Wednesday, September 26, 2012

SSA Stories: Send An Atheist to Church

At the Michigan Secular Student Alliance, we divide our activities into three general categories: social, charity and activism. Our social activities include a variety of things from discussion to bowling to house parties and so we generally have as many of them as we can fit in. Charity and Activism activities, we try to do about once a month. For September, we decided to combine our charity and activism into a creative activity suggested by the National SSA: Send and Atheist to Church.
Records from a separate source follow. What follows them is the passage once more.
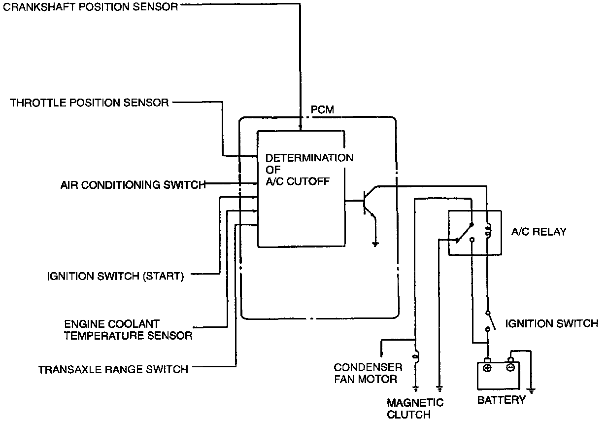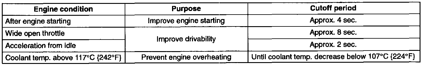 An A/C cutoff system is used to improve idle smoothness just after starting the engine and to improve acceleration performance.
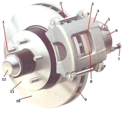 Рис. 1.5. Схема дискового тормозного механизма: 1 - колесная шпилька; 2 - направляющий палец; 3 - смотровое отверстие; 4 - суппорт; 5 - клапан; 6 - рабочий цилиндр; 7 - тормозной шланг; 8 - тормозная колодка; 9 - вентиляционное отверстие; 10 - тормозной диск; 11 - ступица колеса; 12 - грязезащитный колпачок.
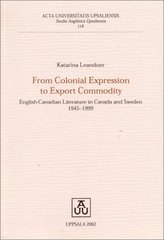 LEANDOER, Katarina. From colonial expression to export commodity: English-Canadian literature in Canada and Sweden 1945-1999. Uppsala: Acta Universitatis Upsaliensis, 2002, 273 s. Acta Universitatis Upsaliensis. Studia Anglistica Upsaliensia,, 118.

Send an Atheist to Church is a fundraising activity first tried by Purdue University's Secular Organization. We modified their format slightly in order to accommodate our needs. Originally, we wanted to table for a week on one of the main  drags with two jars, each representing a church. People would put their donations into the jar of their choice and, at the end of the week, the church represented by the most lucrative jar would be attended by willing members of our group. Proceeds would go to our Light the Night Team for the Leukemia and Lymphoma Society.

 Unfortunately, only one Church, Bethlehem United Church of Christ,  wanted to participate in the charity. Deviating from the initial plan, we only had one jar on the table and we decided that donations would determine the number of atheists attending church rather than the choice of church. For every $20 we raised, another godless heathen would attend the Sunday service.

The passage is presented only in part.